Тюремные стены встретили меня неприятным холодком. А учитывая, что меня и так трясло от всего выпитого вчера, то состояние мое было не лучшим. Я с ужасом оглядывался вокруг. Никогда не думал, что судьба, пусть даже хоть и на некоторое время, забросит меня в подобные заведения. Меня откровенно тошнило. Описать то, насколько мне было неприятно здесь находиться, было попросту невозможно.
– Семен Владимирович, хотелось бы Вам напомнить, что времени мне удалось выбить не так много, – аккуратно, глядя мне прямо в глаза, сообщил надзиратель. – И то, исключительно из-за глубокого уважения к Вашему отцу. Так что Вы там постарайтесь особо надолго это все не растягивать.
– Я помню, – кивнул я, смотря на дверь камеры. Ох, как мне всего этого не хотелось. Но выбора не было. Я должен был знать.
Двое сержантов зашли внутрь первыми.
– Агапов! Подъем, у тебя гости!
Мы с надзирателем прошли следом. Завидев меня, Димон, которого заблаговременно заковали в наручники, криво усмехнулся:
– Ну надо же, какие люди! Семен Персунов собственной персоной! Хорош собой, статен, любо-дорого смотреть!
Меня перекосило от отвращения. Надеюсь, что это действительно не займет много времени.
– Оставьте нас, я хочу, чтобы наш разговор был конфиденциален, – глянул я на надзирателя с сержантами.
– Семен Владимирович, при всем уважении… – начал было надзиратель, но я его перебил.
– Я был бы Вам очень благодарен. Вы ведь понимаете, о чем я?
Надзиратель уже хотел было возразить, но потом передумал. Подав знак подчиненным, все трое покинули камеру. Мы с Димоном остались вдвоем.
– Соскучился по мне, Персик? – издевательски спросил Димон.
Мне хотелось врезать ему по роже, опять избить его до полусмерти, как тогда на «Ближнем», но к сожалению…
– Знаешь, твоей верхней губе действительно не мешало бы познакомиться с нижней, – нахмурился я, вспоминая слова Алисы. – Прекращай паясничать! Я здесь, чтобы задать тебе пару вопросов.
– А с чего ты взял, что я буду отвечать? – поинтересовался Димон.

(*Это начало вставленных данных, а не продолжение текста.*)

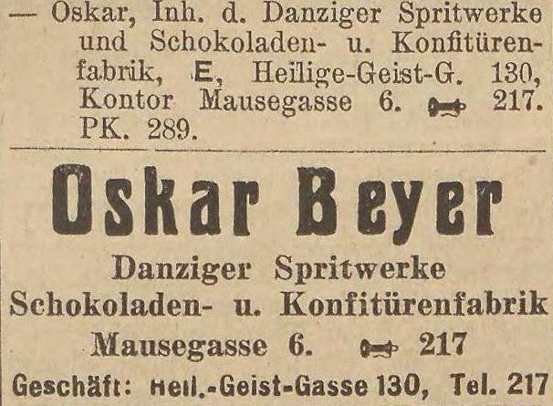 Oskar Beyer. Książka adresowa z 1926 roku. Ze strony: wiki-de.genealogy.net.
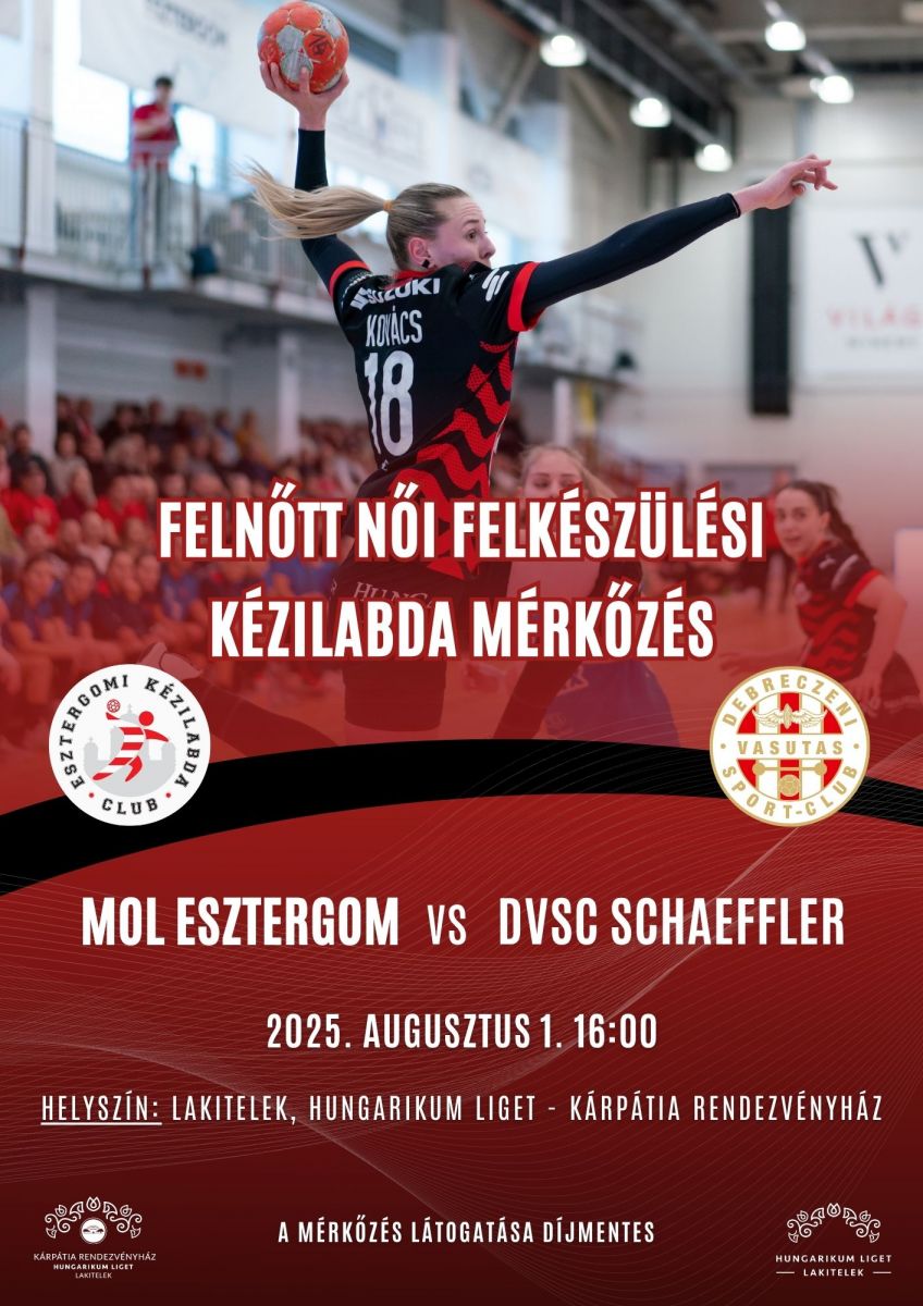 Izgalmas nyári sportélmény várja Lakiteleken! Augusztus 1-jén, pénteken 16:00 órától a felnőtt női kézilabda élvonal két csapata, az előző bajnokság harmadik helyezettje, a MOL Esztergom és a negyedik DVSC Schaeffler csap össze egy felkészülési mérkőzésen

– Не забывай, – предупредил его я. – Что у меня достаточно власти, чтобы существенно усложнить твое существование здесь. Мало ли, ты вдруг случайно косо на какого-нибудь блатного посмотришь. А никого, кто мог бы приложить усилия по защите твоей задницы, случайно, разумеется, рядом не будет…

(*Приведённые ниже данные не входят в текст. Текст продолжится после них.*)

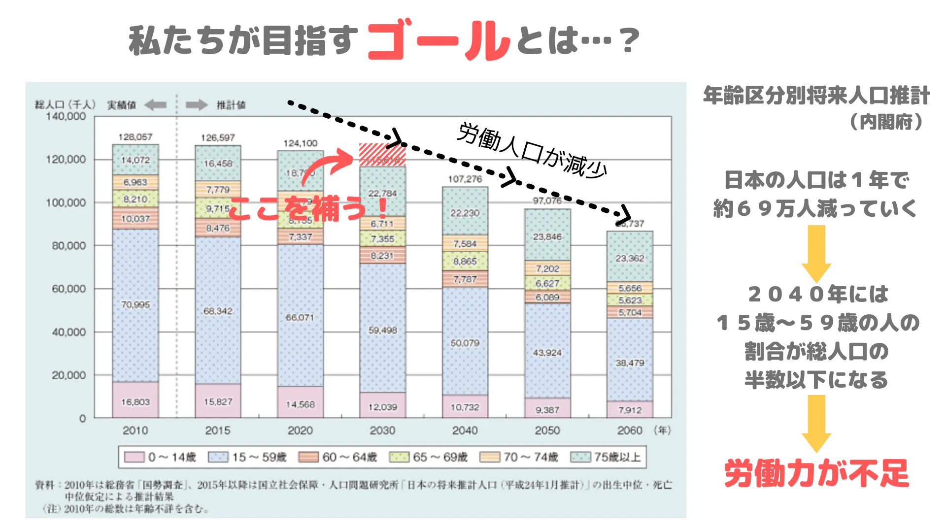 皆さんもご存知の通り日本の人口は年々減少傾向かつ労働人口も減少していきます。

Глаза у Димона сузились. В них читалась неподдельная ненависть.
– Шлюха ты мусорская, Семен, – низко ответил он.
– На моем счету хотя бы мертвых детей нет, – отрезал я.
Димон уселся на кушетку, не сводя с меня взгляда.
– Спрашивай, – наконец сказал он.
– Пионерлагерь «Совенок» – тебе это о чем-то говорит? – я старался не выдать волнение в этот момент. Вот оно – сейчас все решится. Если он, конечно, не соврет.
– А что, наш Сема соскучился по своей Алисоньке? – спустя пару секунд напряженной тишины ответил Димон.
Мое сердце в этот момент наверняка сделало тройное сальто-мортале. «Совенок» был реален! И Алиса, получается, тоже! Я был готов начать прыгать от радости, но сейчас это было как минимум не в тему.
– И ты был там? – вопрос уже скорее был вызван эмоциями.
– А что, я не произвел на тебя должного впечатления? – хмыкнул Димон.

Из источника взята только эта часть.